(CBS) — The users and opponents of e-cigarettes fiercely debate the health issues surrounding the new “vaping” culture, but one thing is for sure: the rechargeable, electrical devices aren’t supposed to explode while being used.
2-Investigator Pam Zekman looks into this troubling trend.
“When it happened it was basically like a pipe bomb,” said e-cigarette smoker Evan Spahlinger.
Spahlinger’s e-cigarette exploded when he reached to take a puff of vapor.
“I had third degree burns to my entire face,” Spahlinger said. “I had burns in my entire esophagus, and my lungs and battery acid in my lungs.”

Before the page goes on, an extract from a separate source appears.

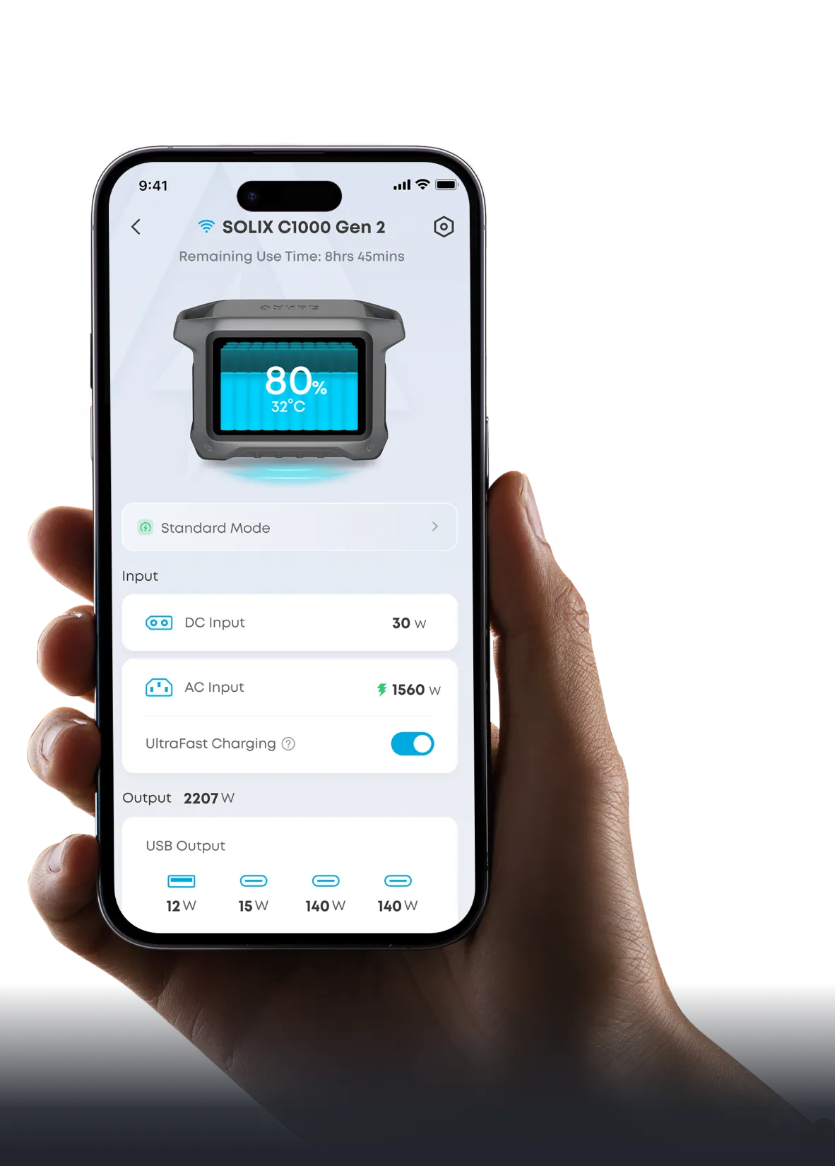 定格出力は家庭用コンセントと以上の1550Wを実現。スマホやノートパソコンはもちろん、電気ケトルやドライヤー、冷蔵庫など様々な機器を動かせます。

Jennifer Ries’ e-cigarette exploded while it was charging in her car.
“A blow torch type of fire and then an explosion,” Ries explained.
Ries suffered second degree burns to her leg.
The internet has other examples of close calls showing exploding e-cigarettes.
Government statistics show there have been more than two dozen e-cigarette explosions or fires in recent years.
“You actually have a better chance of being killed by a falling vending machine than you do of your device exploding on you,” said Antony Owens of Land of Vapes.
The vape shop owner says most problems occur due to user error.
“If a battery is over charged, just like a cell phone battery if your cell phone battery is overcharged for too long, its left on the charger for too long that can destroy the battery,” said Owens.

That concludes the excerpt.